Zoe held up a tiny horse in each hand. “Just these.”

Scarlet nodded her head, her expression absent of condescension. “Better than that bull out there, that’s for sure.”

“Butch?” Cooper said. “He’s not a bad guy. He’s just sick of being cooped up in that pen. You’ve been feeding him, haven’t you?”

“He has hay,” Scarlet said, “and water. I’m worried he’s going to attract shufflers, though.”

“Attract what?” Cooper said, chuckling.

Scarlet glanced at me, and then back at Cooper, clearly taken off guard by the question. “Shufflers. I can’t call them zombies,” she said, rolling her eyes at the word. “Zombies are from Hollywood. Zombies aren’t real. Those things need a name that’s real.”

“Yeah, but shufflers?” Cooper said, making a face.

“They shuffle!” Scarlet said, mildly defensive.

The conversation had drawn the attention of the rest of the group, and everyone else was congregating in the living room, too.

“I’ve been calling them sick, or infected,” I said.

“Those things,” Ashley said.

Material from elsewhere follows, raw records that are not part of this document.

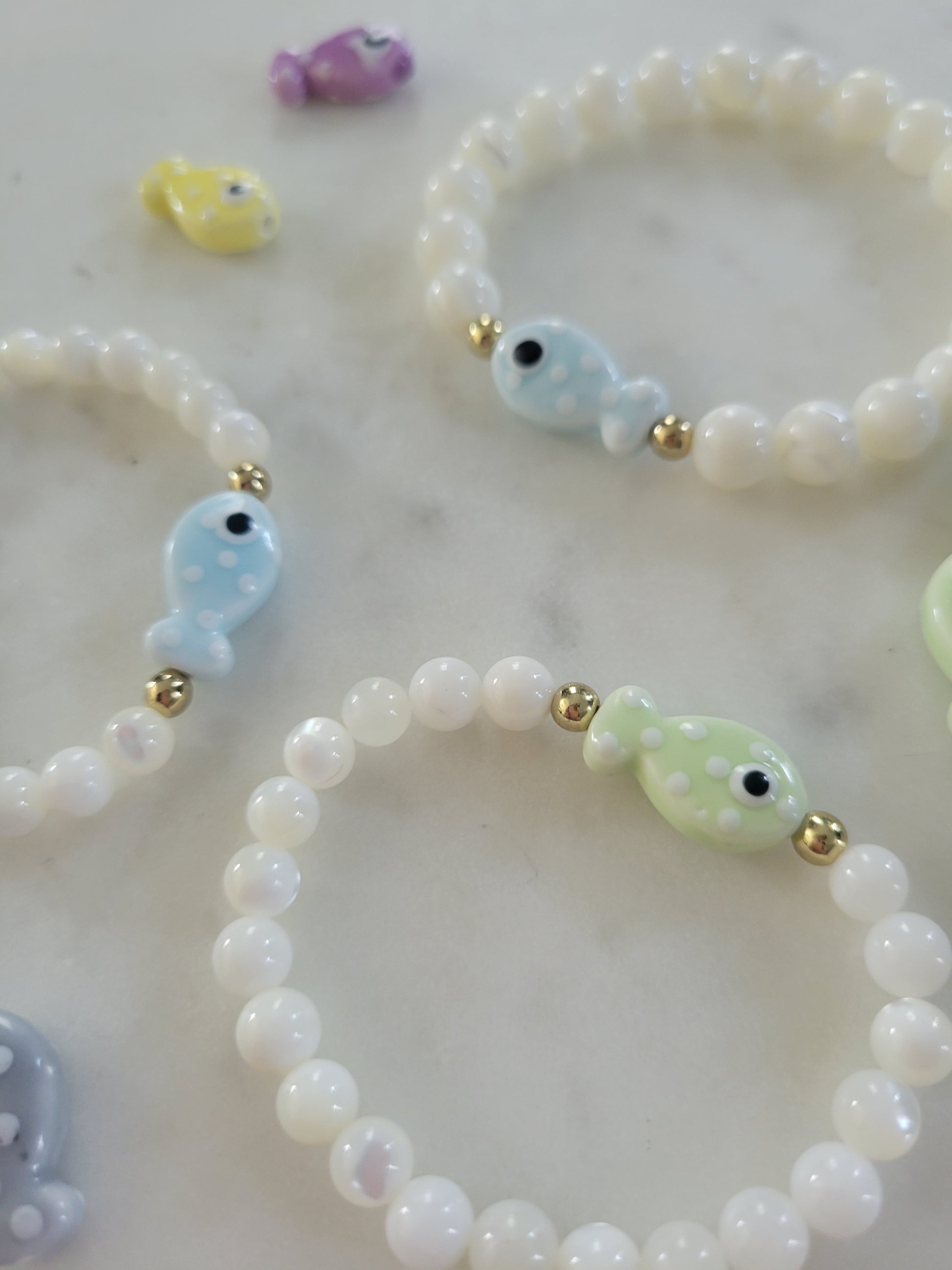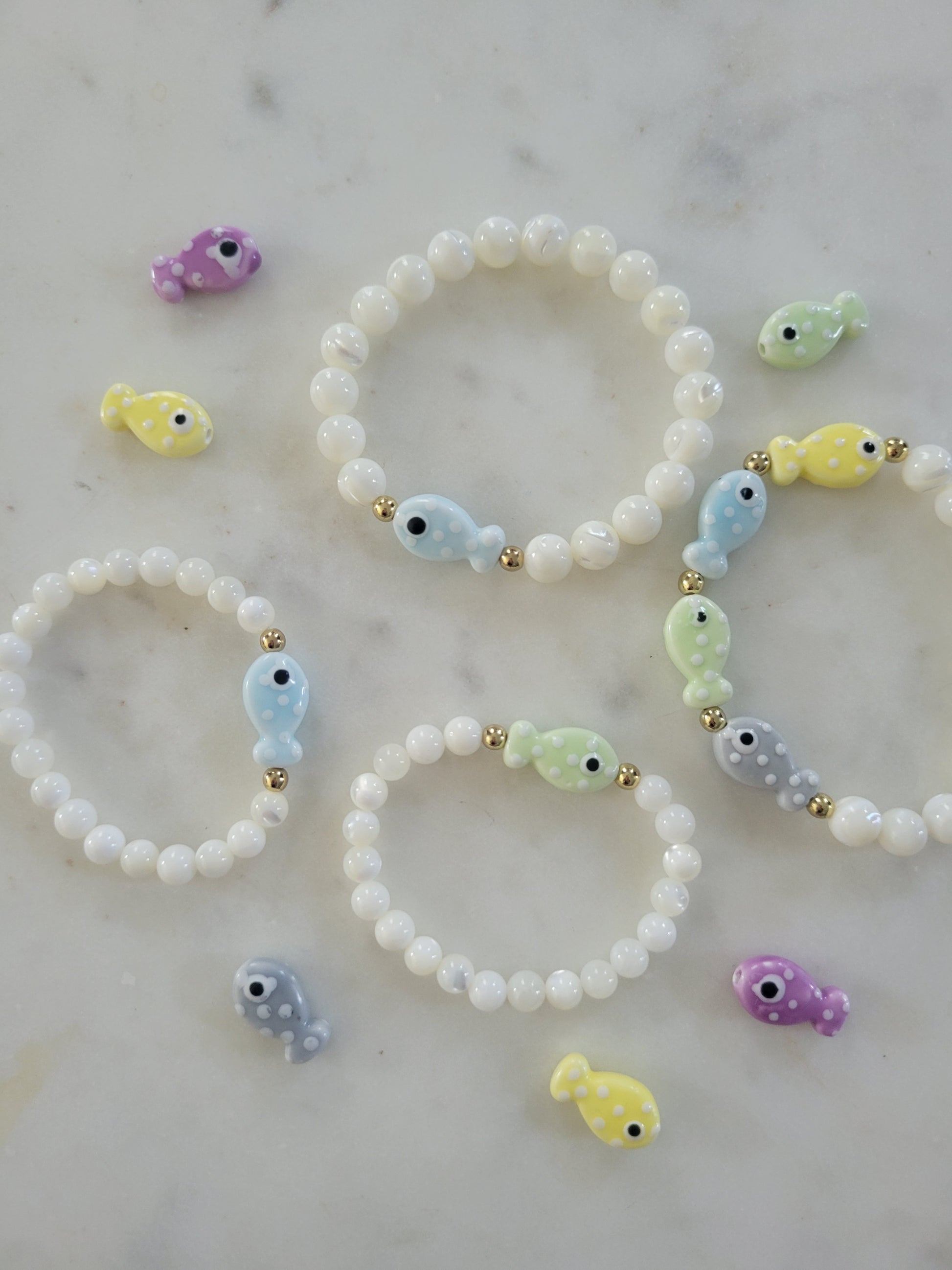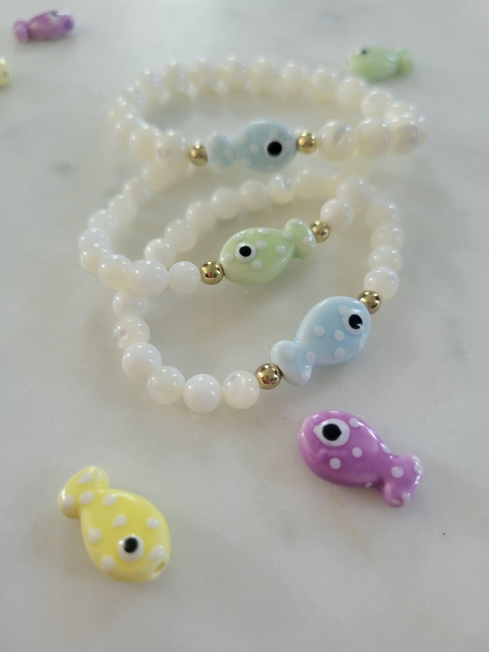 This eye catching mother of pearl bracelet features a busy little ceramic fish as the focal point. The bracelet is accented by hematite beads (metal free).
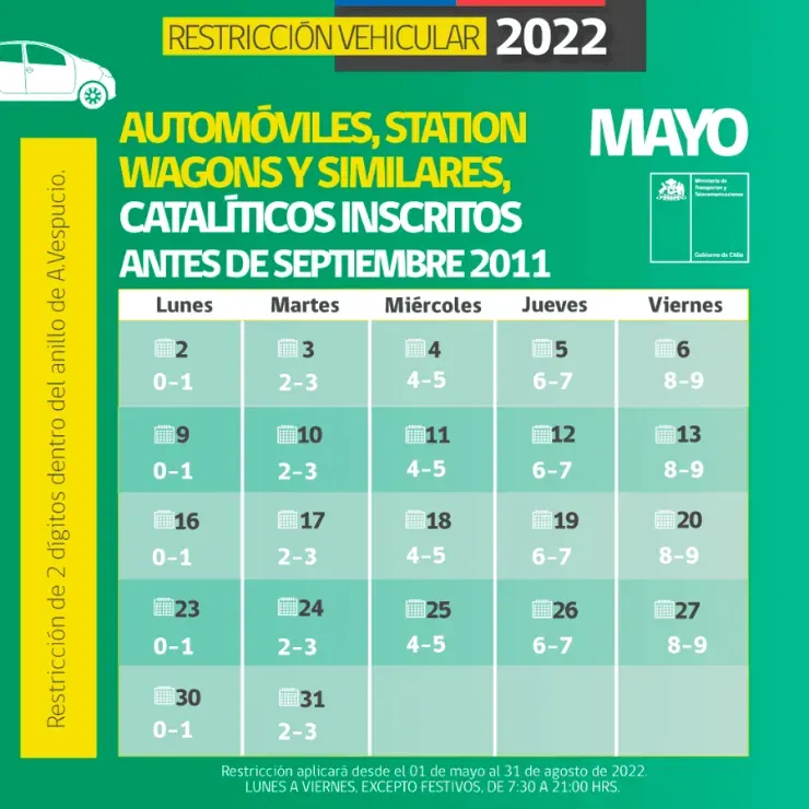 Recordemos que el objetivo de esta medida es disminuir los niveles de contaminación, que aumentan en esta época invernal debido a las malas condiciones de ventilación que tiene la cuenca de Santiago.
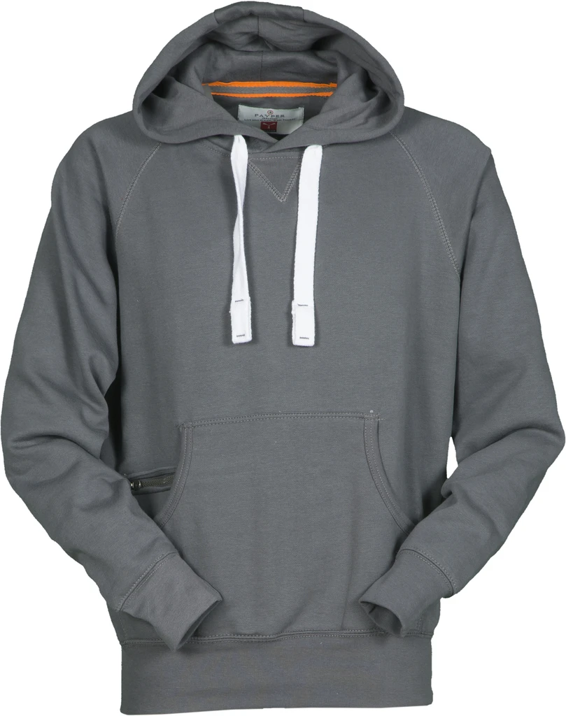 Dvojité švy, kapuce, kovová očka na kapuci, bílá stahovací šňůrka, raglánové rukávy, dekorativní prošití do "V" pod výstřihem, klokaní kapsa, malá kapsa na zip, elastické manžety a spodní lem, vyztužené švy
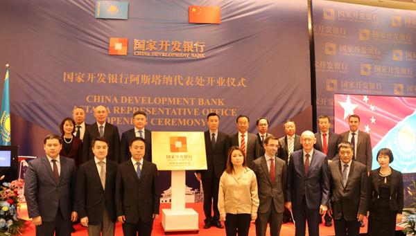 记者获悉,国家开发银行阿斯塔纳代表处当地时间15日在哈萨克斯坦首都阿斯塔纳揭牌。哈萨克斯坦阿斯塔纳国际金融中心总裁克里姆别托夫、哈萨克斯坦共和国经济部部长苏列门诺夫、中国国家开发银行副行长刘金、中国驻哈萨克斯坦共和国特命全权大使张霄出席揭牌仪式并共同为代表处揭牌。阿斯塔纳代表处是国开行在中亚地区设立的首家正式机构,也是国开行继开罗、莫斯科、里约热内卢、加拉加斯、伦敦、万象之后设立的第七家海外代表处。
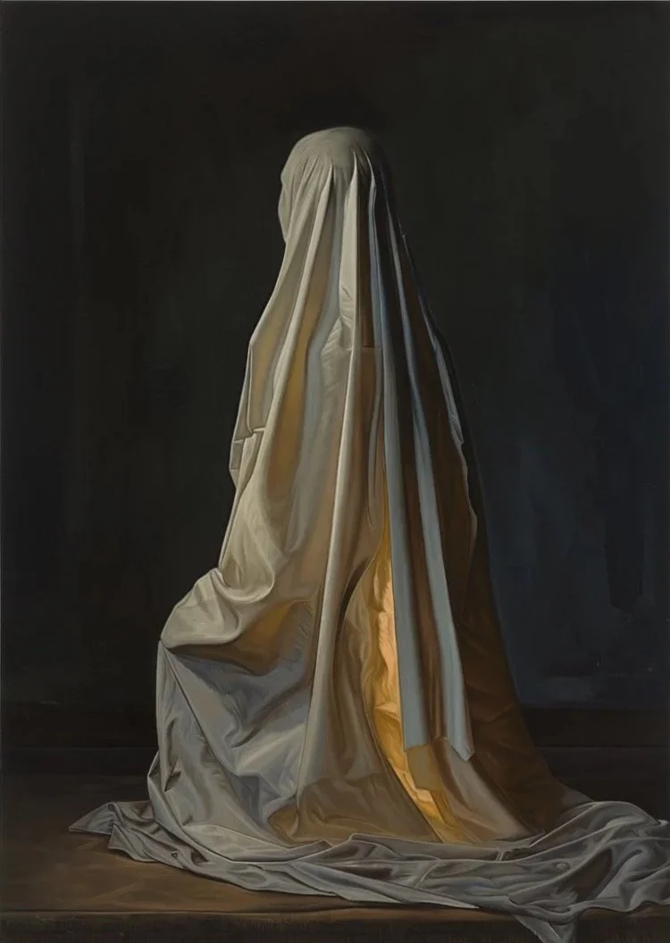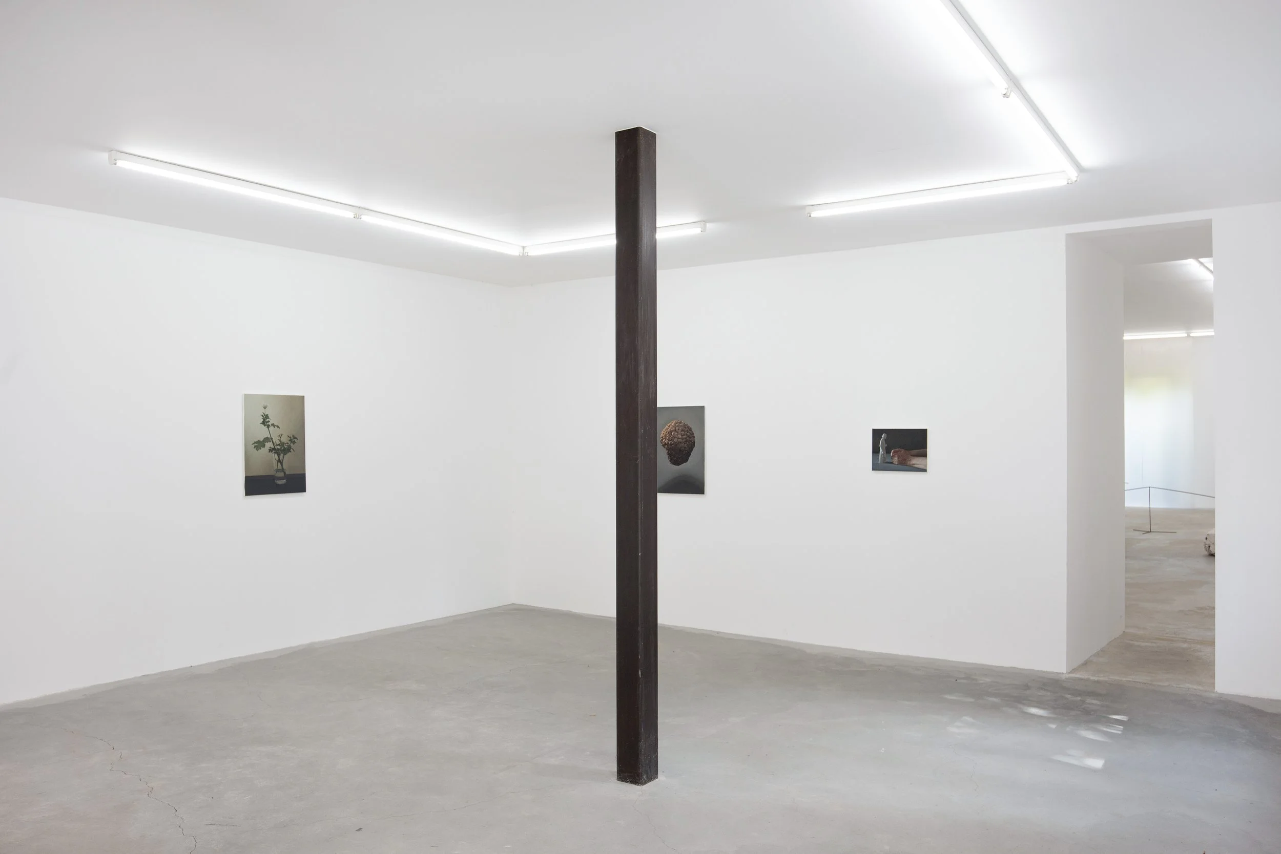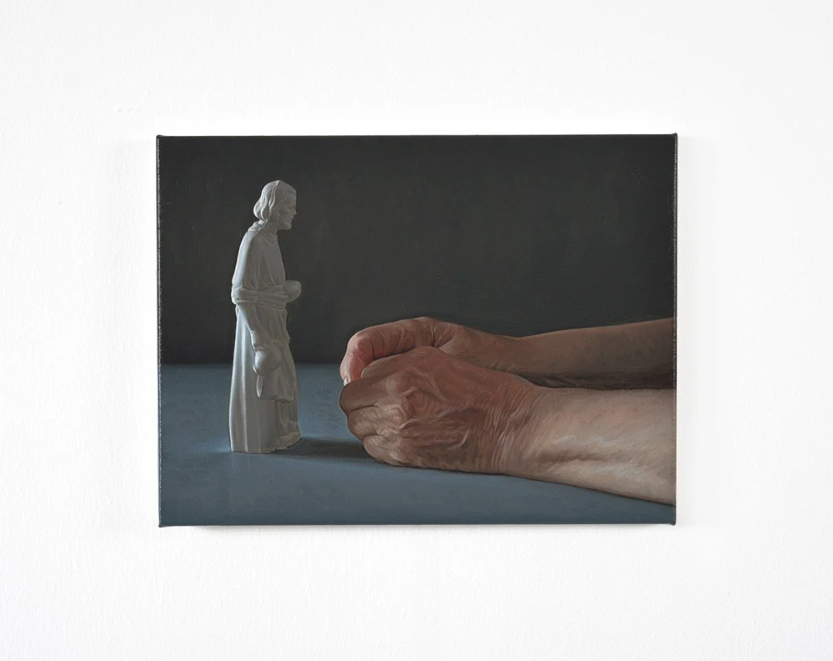 The exhibition features images of objects and materials, painted not as traditional still lives but more like portraits. A damaged stone head floats in mid air, a pair of cut branches of a geranium in a glass of water stretches up to reach the light above, a small statue of a man seems to study a couple of elderly human hands. These are depictions of emotions, of human experience, mostly devoid of physical human presence.
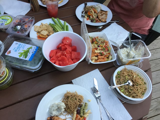 Again, we did our dinner up fancier than our traditional tenting meal. With the convenience of a fridge, stove, sink, and grill, we opted for grilled chicken, a medley of fresh fruit and veggies, all accompanied by a variety of mixed drinks.
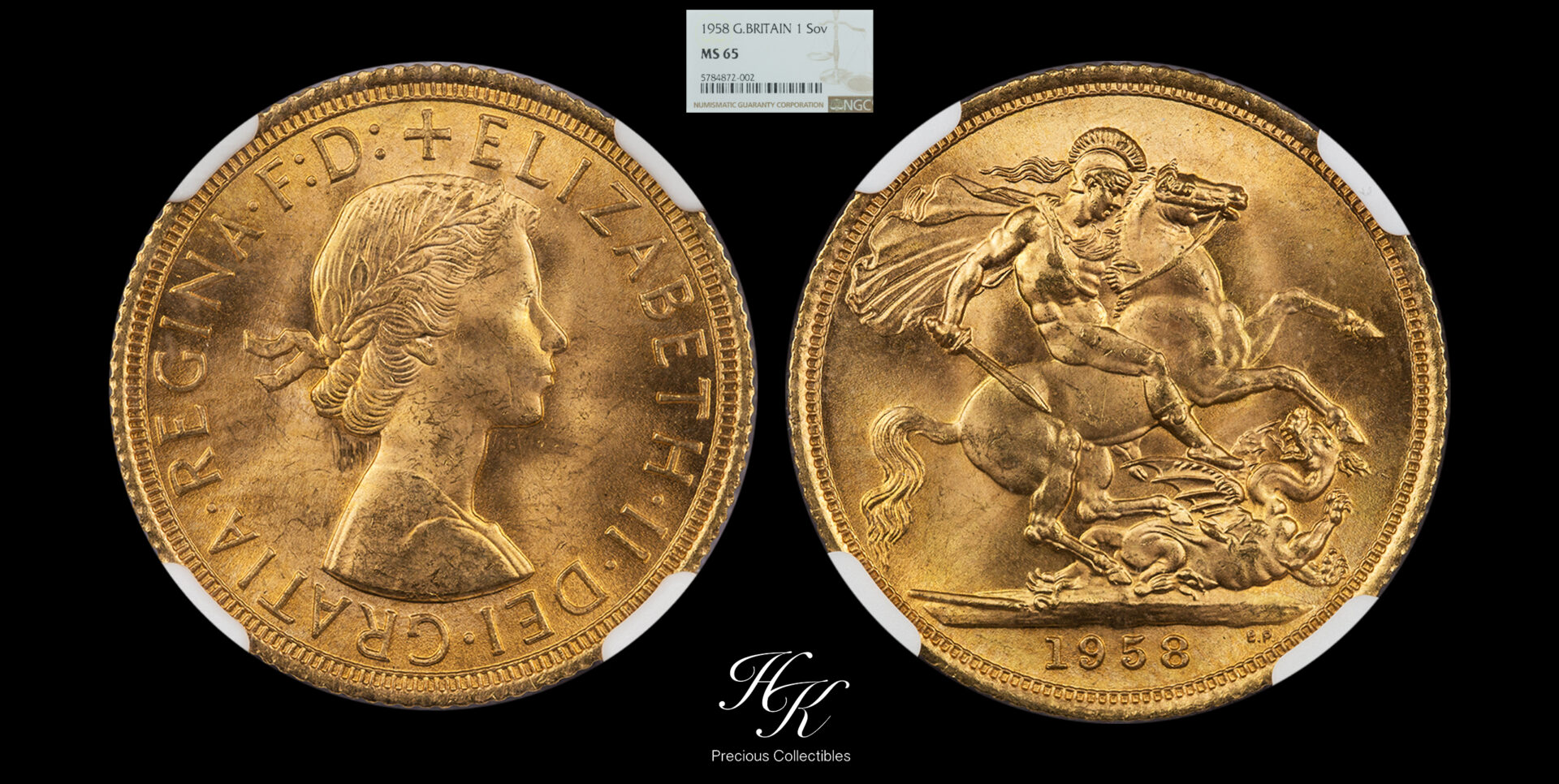 Sovereign 1958 Elizabeth II First Portrait PCGS MS65 Great Britain
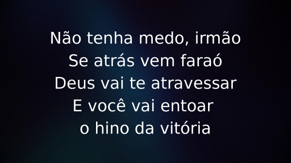 - Não tenha medo, irmãoSe atrás vem faraóDeus vai te atravessarE você vai entoar o hino da vitória
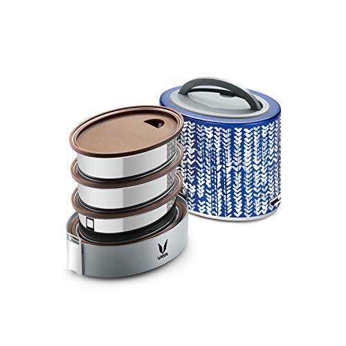 Tyffyn Jumbo Black Polished Stainless Steel Lunch Box Without Bagmat, 1300 ml, 4 Containers, Black
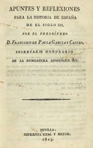 1823. (BRUGALLA-HISTORIA). GARCIA Y CASTRO, FRANCISCO DE PAULA: APUNTES Y REFLEXIONES PARA LA HISTORIA DE ESPAÑA DE EL SIGLO XIX. Sevilla: Imp. Real y Mayor, 1823. 8º. 127 p., 1 h. Leve rasgadura restaurada. Enc. por Brugalla, en 1949, en media...

Everyone craned their neck in her direction. She shrugged. “That’s what I call them: those things.”

Miranda crossed her arms. “I can’t call them zombies, either. I call them dead ones.”

“Biters,” Joey said.

“I like biters,” Miranda said, nodding.

“Well, I like shufflers. They shuffle,” Scarlet said.

Joey laughed once without humor. “They also bite.”

Scarlet frowned, but everyone seemed to be amused with the conversation.

“I think we should call them cows,” Zoe said, still playing with her horses. “They sound like cows.”

I laughed. “They groan.”

“Hmmm . . . ,” Zoe said, thinking very hard. “What about ted? It rhymes with dead. ‘Oh, no! There is a ted! Hide! Run, Cooper! Shoot the ted, Scarlet!’ ” She made all sorts of faces while she acted out the different scenarios in which we might yell ted. Everyone was smiling, everyone but Scarlet.

“Why me? Why do I have to shoot the ted?” Scarlet asked.

“Because you’re the best shot,” Zoe said.

“I like you,” Scarlet said, smiling only with her eyes.

“I like you, too,” Zoe replied.

Scarlet lifted her arms and let them fall to her thighs. “All right, I’m sold on ted. Anyone disagree?”

Everyone shook their heads.

“Good choice, Zoe,” Cooper said.

Zoe smiled wider than I’d seen in years, and in that moment, it was easy to believe everything was going to be okay.